Complete step-by-step answer :
Given that, urn U1 contains 3 white and 2 red balls and urn U2 contains 1 white ball.
Total number of balls U1 has is 5.
So, the probability when one ball is drawn from U1 is $\dfrac{1}{5}$ .
Also, the total number of balls U2 has 1.
Now, the movement of balls from U1 to U2 on the condition that head or tail appears on the coin as shown below:
Let the events be defined as:
W: drawing a white ball from U2
H: tossing a head
T: tossing a tail
First, we toss a coin.
Here, P (H) = P (T) = $\dfrac{1}{2}$
Head appears:
Given that, one ball at random moved from U1 to U2.
Case 1: White ball is selected from U1 – Total 2 white balls in U2
Case 2: Red ball is selected from U1 – Total 2 balls in U2 i.e. 1 white and 1 red ball

Tail appears:
Given that, two balls at random are drawn from U1 to U2 (i.e. Total 3 balls in U2).
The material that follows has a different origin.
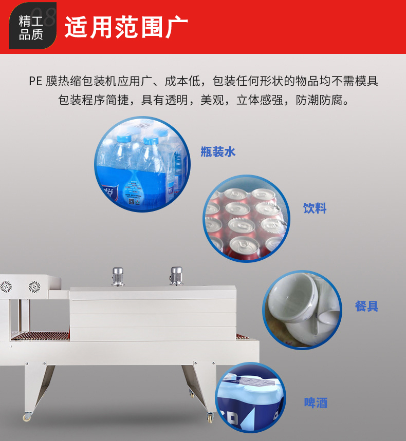 • PE 薄膜本身具有良好的柔韌性,再加上 PE 熱收縮機(jī)可以通過調(diào)節(jié)輸送速度、加熱溫度等參數(shù),使得它能夠?qū)Ω鞣N形狀(如圓形、方形、不規(guī)則形狀)和尺寸的產(chǎn)品進(jìn)行包裝。例如,無論是包裝小型的文具,還是大型的工業(yè)零部件,PE 熱收縮機(jī)都能發(fā)揮作用。

Case 1: 2 white balls are selected from U1 – 3 white balls in U2
Case 2: 2 red balls are selected from U1 – 1 white and 2 red balls in U2
Case 3: 1 white and 1 red ball is selected from U1 – 2 white and 1 red ball in U2
Case 4: 1 red and 1 white ball is selected from U1 – 2 white and 1 red ball in U2
Now we will solve this according to the given above explanation.
First,
When head is tossed:
The probability of drawing a white ball from U2 is
$P(\dfrac{W}{H}) = \dfrac{{{}^3{C_1}}}{{{}^5{C_1}}} \times \dfrac{{{}^2{C_1}}}{{{}^2{C_1}}} + \dfrac{{{}^2{C_1}}}{{{}^5{C_1}}} \times \dfrac{{{}^1{C_1}}}{{{}^2{C_1}}}$
$= \dfrac{3}{5} \times \dfrac{2}{2} + \dfrac{2}{5} \times \dfrac{1}{2}$
$= \dfrac{3}{5} \times 1 + \dfrac{1}{5}$
$= \dfrac{3}{5} + \dfrac{1}{5}$
$= \dfrac{4}{5}$
Next,
When tail is tossed:
The probability of drawing a white ball from U2 is
$P(\dfrac{W}{T}) = \dfrac{{{}^3{C_2}}}{{{}^5{C_2}}} \times \dfrac{{{}^3{C_1}}}{{{}^3{C_2}}} + \dfrac{{{}^2{C_2}}}{{{}^5{C_2}}} \times \dfrac{{{}^1{C_1}}}{{{}^3{C_1}}} + \dfrac{{{}^3{C_1} \times {}^2{C_1}}}{{{}^5{C_2}}} \times \dfrac{{{}^2{C_1}}}{{{}^3{C_2}}}$
$= \dfrac{{3 \times 2}}{{5 \times 4}} \times 1 + \dfrac{{1 \times 2}}{{5 \times 4}} \times \dfrac{1}{3} + \dfrac{{3 \times 2 \times 2}}{{5 \times 4}} \times \dfrac{2}{3}$
$= \dfrac{3}{{10}} + \dfrac{1}{{30}} + \dfrac{2}{5}$
$= \dfrac{{9 + 1 + 12}}{{30}}$
$= \dfrac{{22}}{{30}}$
Thus, when a ball drawn from U2 is white, then the probability that a head appears on the coin is
$P(\dfrac{H}{W}) = \dfrac{{P(H) \times P(\dfrac{W}{H})}}{{P(H) \times P(\dfrac{W}{H}) + P(T) \times P(\dfrac{W}{T})}}$
$= \dfrac{{\dfrac{1}{2} \times \dfrac{4}{5}}}{{\dfrac{1}{2} \times \dfrac{4}{5} + \dfrac{1}{2} \times \dfrac{{22}}{{30}}}}$
$= \dfrac{{\dfrac{2}{5}}}{{\dfrac{2}{5} + \dfrac{{11}}{{30}}}}$
$= \dfrac{{\dfrac{2}{5}}}{{\dfrac{{2(6) + 11}}{{30}}}}$
$= \dfrac{{\dfrac{2}{5}}}{{\dfrac{{12 + 11}}{{30}}}}$
$= \dfrac{{\dfrac{2}{5}}}{{\dfrac{{23}}{{30}}}}$
$= \dfrac{2}{5} \div \dfrac{{23}}{{30}}$
$= \dfrac{2}{5} \times \dfrac{{30}}{{23}}$
$= 2 \times \dfrac{6}{{23}}$
$= \dfrac{{12}}{{23}}$
So, the correct answer is “Option 4”.

Note : The probability formula is defined as the possibility of an event to happen is equal to the ratio of the number of favourable outcomes and the total number of outcomes. The probability of all the events in a sample space adds up to 1. Permutation and combination are the ways to represent a group of objects by selecting them in a set and forming subsets. When we select the data or objects from a certain group, it is said to be permutations, whereas the order in which they are represented is called combination.